To his credit, while our relationship ended several years ago, Los Campesinos! is still my favorite band.

Lest you think this piece went completely unchecked by an editor, the band’s official name includes the exclamation point.

Their most recent album, “Sick Scenes,” sticks to the band’s core themes of sex, death and soccer but also delves into ideas about what it means to grow up. For a band whose lyrics have often relied on tongue-in-cheek and bitter humor, its latest offering proves to be a bit darker but still carrying the signature sharp wit fans have come to expect.

One of the singles from the album, “5 Flucloxacillin,” finds lead singer Gareth Campesinos lamenting on aging and the state of the world overall. By the way, all members of the band refer to their last name as “Campesinos,” though only Gareth and lead female vocalist and keyboardist Kim are actually related.

Of the song itself, Gareth Campesinos wrote, “Most everyone I know struggles with their mental health and is trying to cope in whatever way they can, while baby-boomers chastise us millennials for the manner in which we attempt to find solace amidst, and fumble out of the mess they made for us.”

In true Los Campesinos! fashion, the arguable sorrow of the lyrics is offset by the high-energy tempo.

While it is not new territory for the band by any means, nearly all 11 songs on this album make at least a passing reference to death or dying with lyrics like “I know little, but I promise: There’s a slow, slow death if you want it.”

The song of the same title “A Slow, Slow Death” is a actually triumphant-sounding ode to a lover, while on “Got Stendhal’s,” he fears he will never truly rest peacefully, even in death.

Though the band has been around for just over a decade, they have clung to some of the youthful, righteous anger that’s tinged with self-awareness.

If anything, “Sick Scenes” relishes that emotion and youth while calling attention to the fact that the band members are all older, if not wiser, than when they began their journey.
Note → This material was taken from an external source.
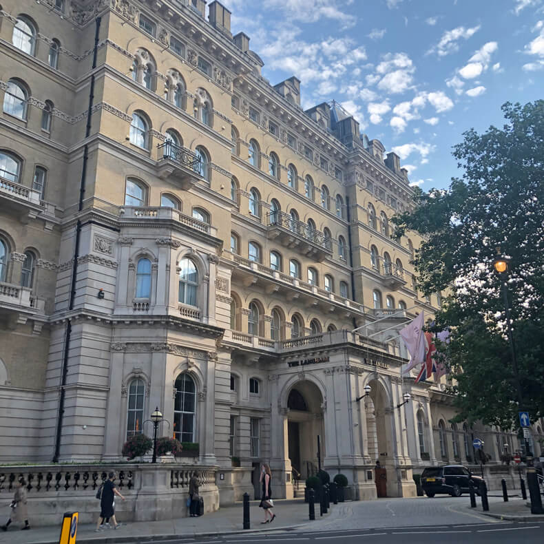 The Langham Hotel in London as seen in briefly in GoldenEye. This location doubles for the exterior of the hotel in St Petersburg where Bond encounters Xenia for the first time. (Visited August 2021)

On the album’s final track, “Hung Empty,” Gareth sings, “Not right to call this old age, but it certainly ain’t youth no more, this certainly ain’t youth.”

If it sounds dark, that is because it is, but Los Campesinos! almost always puts on a high-energy performance that seems to defy the melancholy of their lyrics.

Their sold-out show at the Teragram Ballroom in Los Angeles on Feb. 26 was no exception and a testament to their growing success on the indie circuit.

Having attended four of their shows now, this crowd was one of the more excited ones.

As lead singer Gareth introduced a song from the new album, which had been released just the day before the show, one energetic fan screamed “I already know all the words!”

If it isn’t apparent yet, the cynical, funny, sad words are a large part of the band’s appeal.

But they only work with the near-cacophonous harmony of instruments: two guitars, a keyboard, drums, bass and the occasional glockenspiel.

Their live performances are powerful, sometimes almost frenzied.

The audience is drawn to lead singer Gareth leaping around and shouting passionate vocals, but the other six members of the band are similarly intense performers.

Kim Campesinos, the female vocalist and keyboardist, brings a cooler, lighter energy that nicely offsets Gareth’s near-manic stage presence.

In the performance at the Teragram Ballroom, Los Campesinos! played mostly songs from five previous albums, but fans were excited to hear selected tracks from “Sick Scenes” as well, including “Here’s to the Fourth Time,” a punchy, laissez-faire song whose best lyric might be “And all we’ve got’s the need to breed before we rot.”

Nice.

As enjoyable as it was listening to the new songs, there’s nothing quite as cathartic as screaming the words to a song you have listened to a million times before.

For me, I found that catharsis in one of my all-time favorite high-school angst songs, “Miserabilia.”

The ending lyric says it best: “Shout at the world, because the world doesn’t love you; Lower yourself, because you know that you’ll have to.”

Present-day me might disagree with the sentiment, but it still felt good to scream.